Observational studies provided insufficient evidence for SNS versus sphincteroplasty⁸⁵ (Appendix F, Table F5) and open versus percutaneous lead placement⁸⁶ (Appendix F, Table F5).

Anal Sphincter Repair (Sphincteroplasty)

Surgical repair of the anal sphincter is performed for adults with FI resulting from anal sphincter tears that have accompanying moderate to severe FI and have suboptimal resolution with conservative treatment. Only two RCTs^87,88 (Appendix F, Table F4) and five observational studies^85,89-92 (Appendix F, Table F5) examined sphincteroplasty.
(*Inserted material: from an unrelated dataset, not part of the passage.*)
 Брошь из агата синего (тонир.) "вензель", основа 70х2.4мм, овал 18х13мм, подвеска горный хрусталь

Observational studies (Appendix F, Table F5) provided insufficient evidence to compare the effectiveness of sphincter repair with stoma (fecal diversion) versus sphincter repair alone;⁸⁷ adjuvant biofeedback following anal sphincter repair versus sphincter repair alone;⁸⁸ a perineal versus a posterior forchette incision in overlapping anal sphincter repair;⁸⁹ sphincteroplasty with pelvic floor repair versus sphincteroplasty;⁹⁰ anal sphincter repair versus SNS;⁸⁵ sphincteroplasty versus anterior levatorplasty;⁹¹ and direct versus anterior sphincter repair.⁹²

Anal Sphincter Replacement

Evidence was insufficient (Appendix F, Table F5) to compare the effectiveness of the artificial bowel sphincter (ABS) versus conservative medical management from one RCT of 14 patients with severe FI,⁹³ and for the ABS versus a non-FDA approved magnetic anal sphincter⁹⁴).
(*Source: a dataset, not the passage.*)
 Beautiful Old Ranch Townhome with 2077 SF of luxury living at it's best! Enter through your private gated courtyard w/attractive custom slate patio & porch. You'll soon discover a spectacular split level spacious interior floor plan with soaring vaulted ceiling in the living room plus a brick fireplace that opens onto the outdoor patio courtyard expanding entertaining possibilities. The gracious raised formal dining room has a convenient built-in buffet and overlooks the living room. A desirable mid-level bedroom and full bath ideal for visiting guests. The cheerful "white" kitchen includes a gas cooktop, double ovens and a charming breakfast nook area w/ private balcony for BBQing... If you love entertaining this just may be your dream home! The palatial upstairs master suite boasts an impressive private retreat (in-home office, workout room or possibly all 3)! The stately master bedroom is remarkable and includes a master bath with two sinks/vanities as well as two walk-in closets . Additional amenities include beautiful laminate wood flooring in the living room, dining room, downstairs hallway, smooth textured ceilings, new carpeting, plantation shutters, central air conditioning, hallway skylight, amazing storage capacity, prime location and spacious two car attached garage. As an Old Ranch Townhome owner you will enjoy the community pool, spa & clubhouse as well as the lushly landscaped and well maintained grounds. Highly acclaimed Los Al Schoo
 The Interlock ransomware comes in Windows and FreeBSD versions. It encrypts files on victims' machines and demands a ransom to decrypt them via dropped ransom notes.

Other Surgeries and Mixed Treatment Comparisons

Appendix F, Tables F4 and F5 include other surgical studies and mixed treatment comparisons. Evidence was insufficient to compare the effectiveness of total pelvic floor repair versus gluteus maximus transposition without electrical stimulation for postobstetric neuropathic FI;⁹⁵ postanal repair versus total pelvic floor repair for neurogenic FI;⁹⁶ and total pelvic floor repair versus anterior levatorplasty versus postanal repair for neurogenic FI.⁹⁷

Evidence was insufficient for levatorplasty surgery versus nonsurgical anal plug electrostimulation⁹⁸ and for SNS versus a non-FDA approved surgery (magnetic sphincter).⁹⁹

Evidence was insufficient for recommendations after failed sphincteroplasty.¹⁰⁰ Only one high risk of bias observational study compared the outcomes of three surgical treatments used in adults who had at least one prior sphincteroplasty with unsatisfactory outcomes.¹⁰⁰ (Appendix F, Table F5).